Poetry Club Speaks Their Truth

Amber Smith ‘15 | Staff Writer |

 

Roses are red, violets are blue, two snaps for poetry club speaking their truth. “Untitled,” a simple yet cool name created collectively by the members of the club, but what does the word really mean?

“Untitled” actually stands for the club being non-monolithic because it allows for different types of expressions and stories; leaving it without a title is to make sure that each individual can bring something different to the table.

Initiated last year by former student and president of the club Kosi Dunn ’13, who saw the different direction revisioned for the club. “He came to me and said he wanted to separate the spoken word part of poetry club from the Inkwell part of it, so I agreed,” said Mr. Darrell Holloman who has been the moderator for two years now and was a member when he attended McNamara in 1997-2000. Holloman also sees a big change in the direction that the club is going from when he last was a part of it himself.

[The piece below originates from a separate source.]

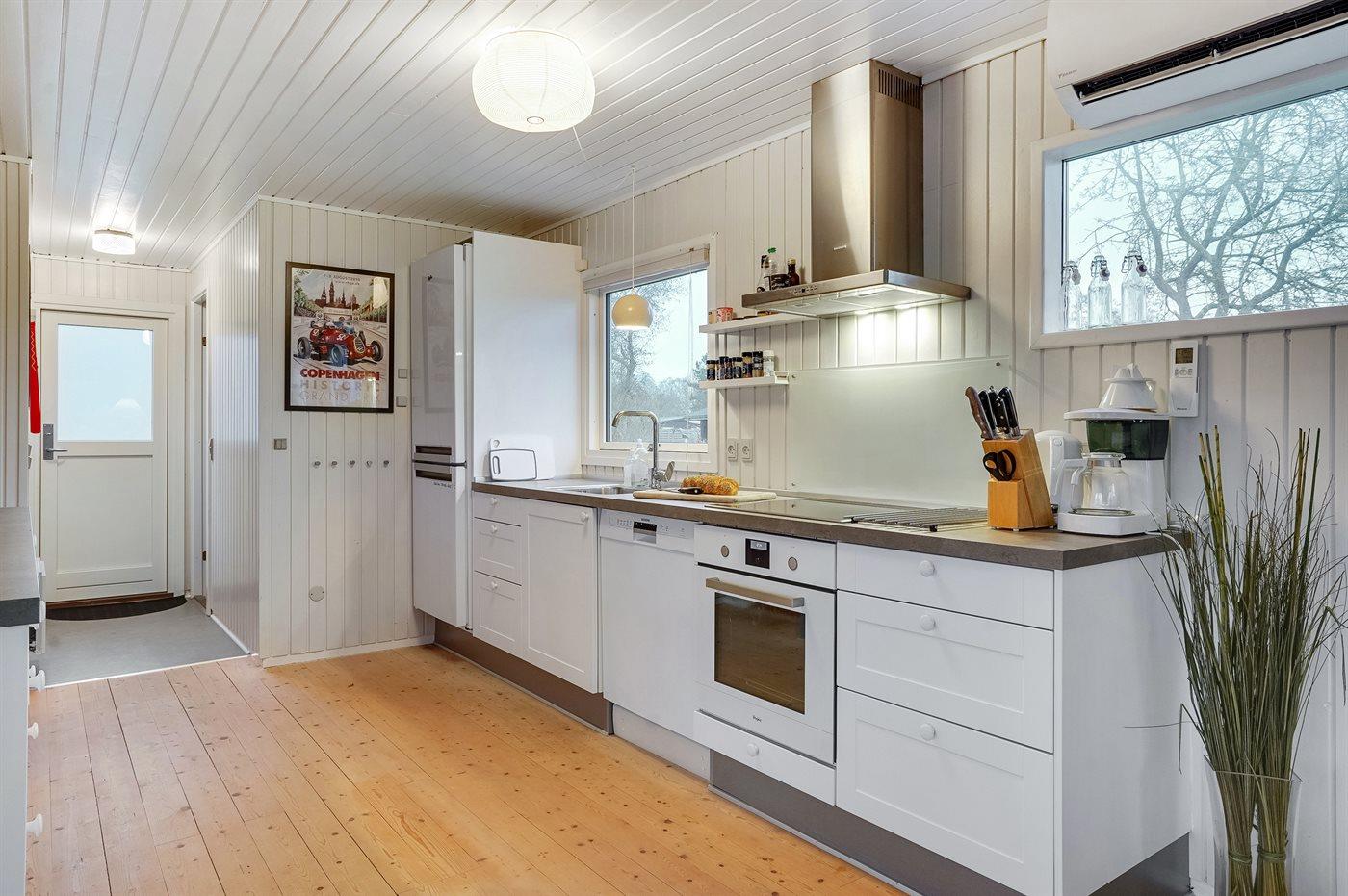 Køkkenet er udstyret med 1 køleskab. Der er 4 induktionskogeplader, varmluftovn, mikrobølgeovn samt opvaskemaskine.

The format of a typical club meeting is as follows: Tuesdays are writing workshops and Thursdays are open mic. On Tuesdays the writing workshops are a time when the individual can work on a writing exercise or free write. Then they share to the club and get feedback. On Thursdays members or non members are allowed to come and share their poetry. The club is always open to anyone, no formal membership is required to attend. The poetry club doesn’t just have talented students, but ones who are truly dedicated. In 2012, the current club went all the way to the semi-finals in the annual D.C. Metropolitan Poetry Youth competition “Louder than a Bomb,” also known as LTAB, finishing fourth place overall against more than 20 schools  in the D.C. Metropolitan area.

Eric Powell ’15, one of the club’s rising stars says “Don’t be afraid of whatever standards someone puts on poetry. Poetry is power and you can always refine it later.” Powell exclaims that anyone who sits in on one of the meetings will receive helpful tips and advice on how to write a good poem.

Other good tips on writing a poem with emotion and feeling are start with how you feel or maybe an idea that you had and work from there. Give yourself a prompt, the prompt can give you a sense of direction, states Mr. Darrell Holloman. Roses are red, violets are blue, “Untitled” welcomes you.